In this case, the plaintiff does not allege that she was unable to gain access to court to litigate her claim. Rather, she contends in essence that Section 600.2946(5) requires too much, and that the immunity it grants to drug manufacturers is too broad. These allegations do not constitute a claim of denial of access to the courts.
Garcia v. Wyeth-Ayerst Labs.,
C. Due Process
Plaintiff finally challenges the district court’s finding that the abolition of her cause of action does not violate the Due Process Clause. Plaintiffs argument is without merit. As this Court has previously stated,
Legislatures do not violate federal due process rights by creating statutes of repose that prevent causes of action from accruing. A litigant has no vested property right in a cause of action until it accrues. The United States Supreme Court has held that due process does not prohibit' the abolition of causes of action[. Those] cases have clearly established that a person has no property, no vested interest, in any rule of the common law [,and that t]he “Constitution does not forbid the creation of new rights, or the abolition of old ones recognized by the common law, to attain a permissible legislative object” despite the fact that otherwise settled expectations may be upset thereby.

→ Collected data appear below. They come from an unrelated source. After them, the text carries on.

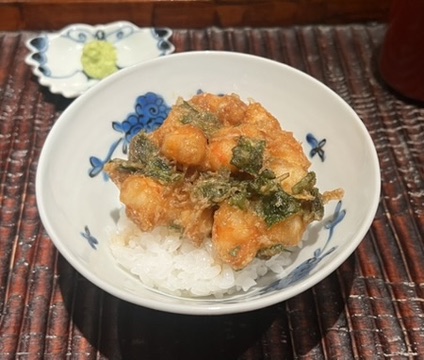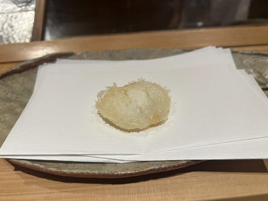 Kusunoki style uses an “oil cutting” technique that reduces oil on the surface, so the chefs deliver the tempura directly to your plate by hand to prove there’s no oil residual (or their fingers would be burnt). Amazingly, your paper serving retains no oil at the end of the meal, like no visible oil at all.
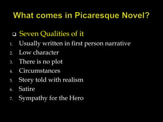 First picaresque novel. Picaresque novels typically adopt a realistic style. There are often some elements of comedy and satire. The story is told with elements of realism.
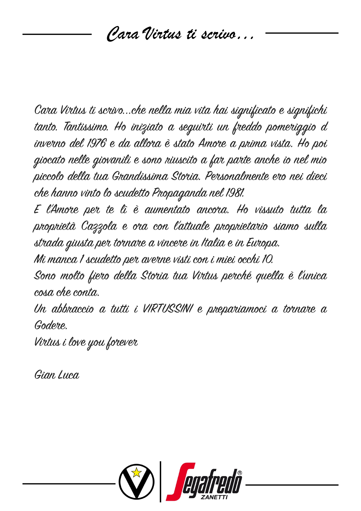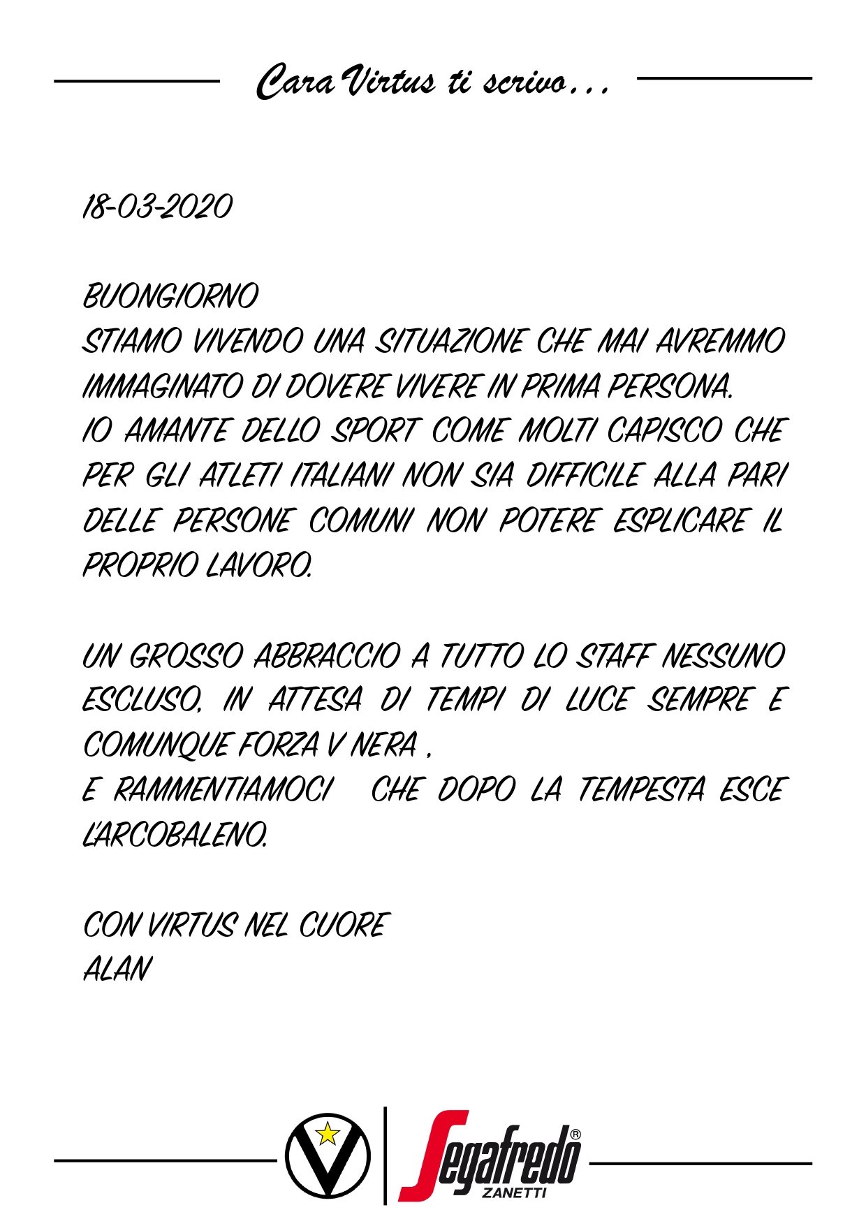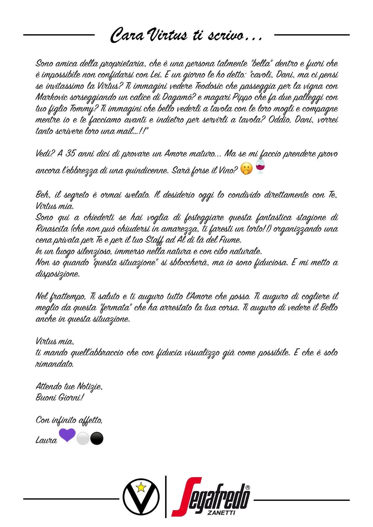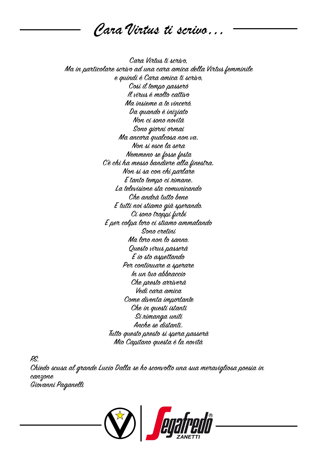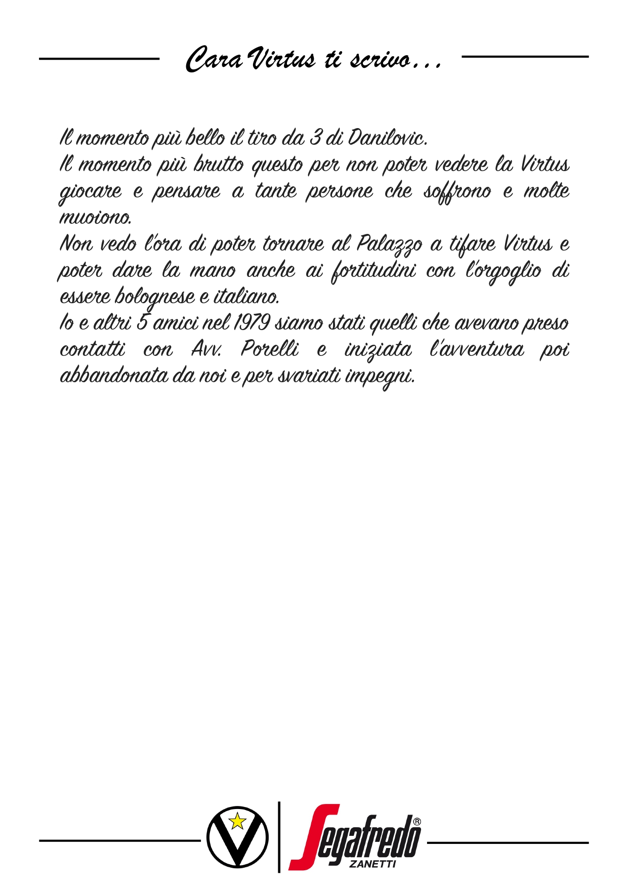 Cara Virtus ti scrivo

Hartford Fire Ins. Co. v. Lawrence, Dykes, Goodenberger, Bower & Clancy,
CONCLUSION
For the reasons stated above, we affirm the district court’s order granting summary judgment in favor of Defendant.
Notes
. On motion for summary judgment, the district court held that Plaintiff had submitted no evidence supporting its claims of bribery or misrepresentation to the FDA, nor any evidence that the withdrawal of Duract was precipitated by the FDA or based on any provable misconduct by Defendant. Plaintiff has not appealed that determination. Therefore, Plaintiff can only succeed in this action if we find that the two exceptions are unconstitutional and that the offending exceptions cannot be severed from the general immunity provision, thereby invalidating the general immunity provision and stripping Defendant of its statutory protection.

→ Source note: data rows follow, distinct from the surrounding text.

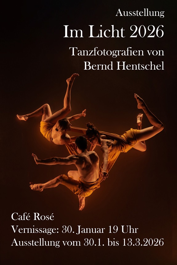 In der Ausstellung Im Licht 2026 ist eine Auswahl meiner Tanzfotografien im Café Rosé in Karlsruhe zu sehen, das von der Tänzerin Heidi Bouche und dem Maler Marvin Meyer gemeinsam betrieben wird.
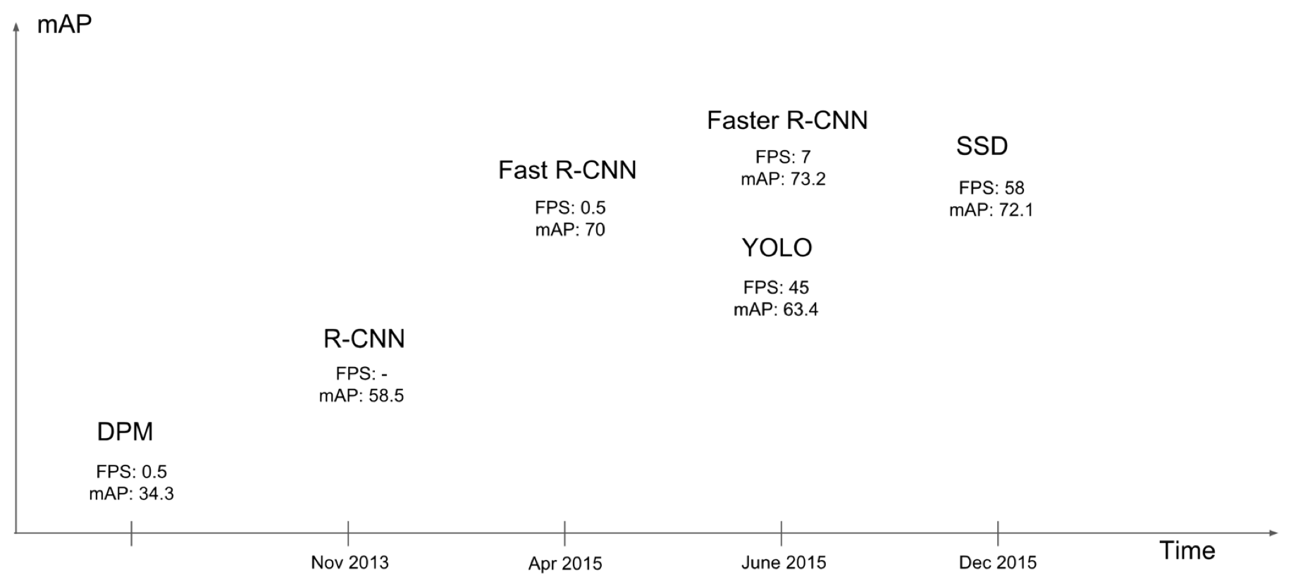 从图中看出SSD算法有较高的准确率和性能,兼顾了速度和精度
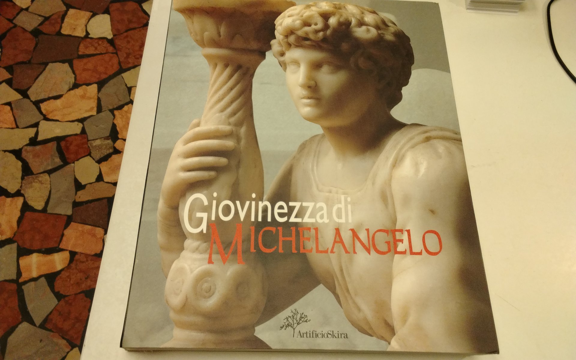 Catalogo della mostra tenuta a Firenze nel 2000, dedicata allo opere giovanili di Michelangelo Buonarroti, celebre scultore, pittore, architetto e poeta italiano del '500.
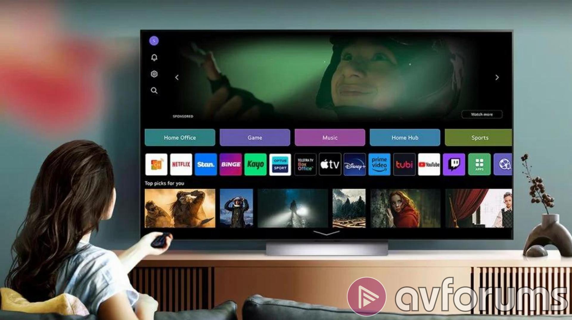 Интерфейс не претерпел значительных изменений, а большая панель контента в верхней части по-прежнему служит в основном в качестве рекламного окна для приложений или продвигаемого контента. webOS обеспечивает доступ ко всем популярным потоковым сервисам, а если на вашем телефоне нет какого-либо сервиса, вы можете подключить его через AirPlay 2 и Google Cast (Chromecast). Последняя была добавлена во время нашего обзора и является новой функцией для 2024 года (в моделях 2023 года она появится позже, через обновление webOS).

. The statute provides, in relevant part:
(5) In a product liability action against a manufacturer or a seller, a product that is a drug is not defective or unreasonably dangerous, and the manufacturer or seller is not liable, if the drug was approved for safety and efficacy by the United States food and drug administration, and the drug and its labeling were in compliance with the United States food and drug administration’s approval at the time the drug left the control of the manufacturer or selk er... .This subsection does not apply if the defendant at any time before the event that allegedly caused the injury does any of the following:
(a)'Intentionally withholds from or misrepresents to the United States food and drug administration information concerning the drug that is required to be submitted under *966 the federal food, drug, and cosmetic act ..., and the drug would have not been approved, or the United States food and drug administration would have withdrawn approval for the drug if the information were accurately submitted.
(b) Makes an illegal payment to an official or employee of the United States food and drug administration for the purpose of securing or maintaining approval of the drug.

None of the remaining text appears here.